– Я раньше об этом в таком ключе не думал, – отвечает он. – В чем-то вы, наверное, правы.
Эрцбергер откидывается на спинку дивана.
– Удивительное дело! – и она снова подается вперед. – Вас это не поражает? Личность постоянно умирает, а ощущение такое, будто «я» – это нечто постоянное, непрерывное. В то же время мы панически боимся смерти, которой никогда не испытывали. Тем не менее этот иррациональный страх мобилизует нас. Мы готовы убивать друг друга и калечить самих себя ради каких-то побед и славы, словно таким образом можно обмануть смерть и продлить жизнь. А по мере приближения смерти мы начинаем мучительно переживать, что так мало достигли. Например, я неразумно распорядилась своей жизнью. О ней не останется почти никаких свидетельств. Разве что в вашей чудной газете. Я не буду спрашивать, почему вы меня выбрали – слава богу, хоть кому-то я оказалась нужна! Это подкрепляет мои иллюзии.
– Вы слишком скромны.
– Это никакая не скромность, – возражает она. – Кто читает мои книги? Кто теперь обо мне знает?

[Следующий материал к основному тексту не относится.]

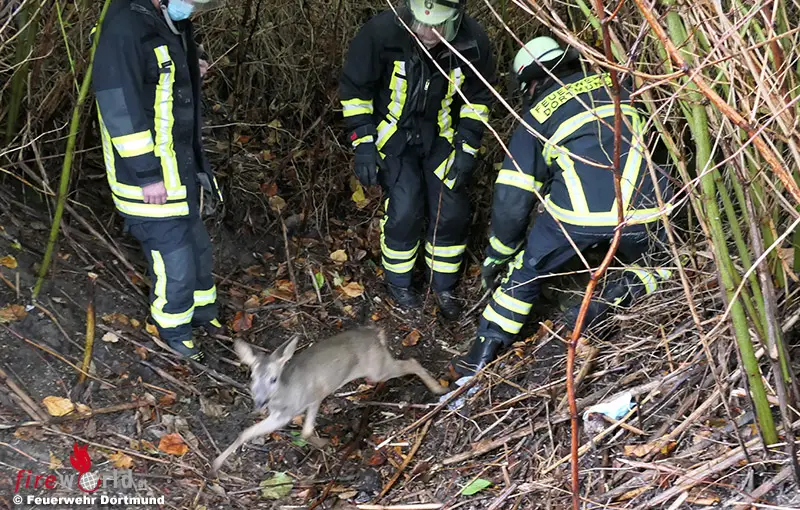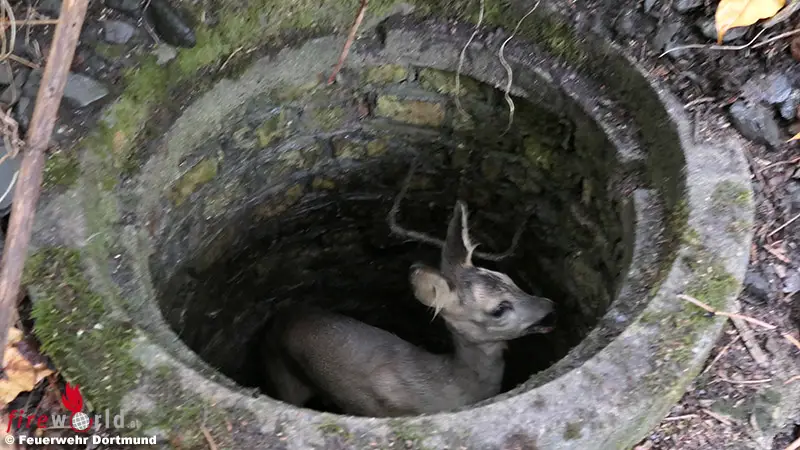 Durch laute Schreie des verunglückten Tieres wurde der Spaziergänger auf das Tier aufmerksam und entdeckte es abseits des Weges in einem nicht abgedeckten Schacht. Er wählte den Notruf der Feuerwehr und die Leitstelle der Feuerwehr Dortmund alarmierte umgehend ein Fahrzeug zur genannten Adresse. Vor Ort wurden die Feuerwehrleute vom Anrufer zu dem verunglückten Reh geführt. Da der Schacht nicht sehr tief war, konnten zwei Feuerwehrleute das Reh packen und aus seiner Zwangslage befreien.

– Ну, я например, – лжет Артур.
– Милый, послушай меня, – продолжает Эрцбергер. – Я вот говорю, что амбиции – это абсурд, и тем не менее я остаюсь в их власти. Это все равно, что всю жизнь быть рабом, а потом однажды осознать, что хозяина у тебя никогда не было, и, несмотря на это, вернуться к той же работе. Есть ли во вселенной какая-нибудь более мощная сила? В моей – нет. Она владела мной даже в раннем детстве. Я стремилась чего-то достичь, в особенности хотела добиться влияния, воздействовать на людей. Я веровала в это, как в бога – в то, что заслуживаю внимания, что те, кто меня не слушают, неправы, а те, кто со мной спорят, – дураки. Однако, чего бы я ни достигла, земной шар продолжает вертеться – мое существование его ни капли не интересует и считаться со мной он не собирается. Я это понимаю, но в голове все равно не укладывается. Полагаю, поэтому я и согласилась на беседу с вами. Я по-прежнему готова отстаивать любую чушь с пеной у рта, только чтобы вы заткнулись и слушали меня – вы должны были слушать с самого начала! – Она кашляет и тянется за очередной сигаретой. – Вот вам факт: за всю историю цивилизации не нашлось ничего продуктивнее смехотворных амбиций. Сколько бы от них ни было несчастий, по результативности их не переплюнешь. Соборы, сонаты, энциклопедии – за всем этим нет ни любви к богу, ни любви к жизни. Только любовь человека к почестям.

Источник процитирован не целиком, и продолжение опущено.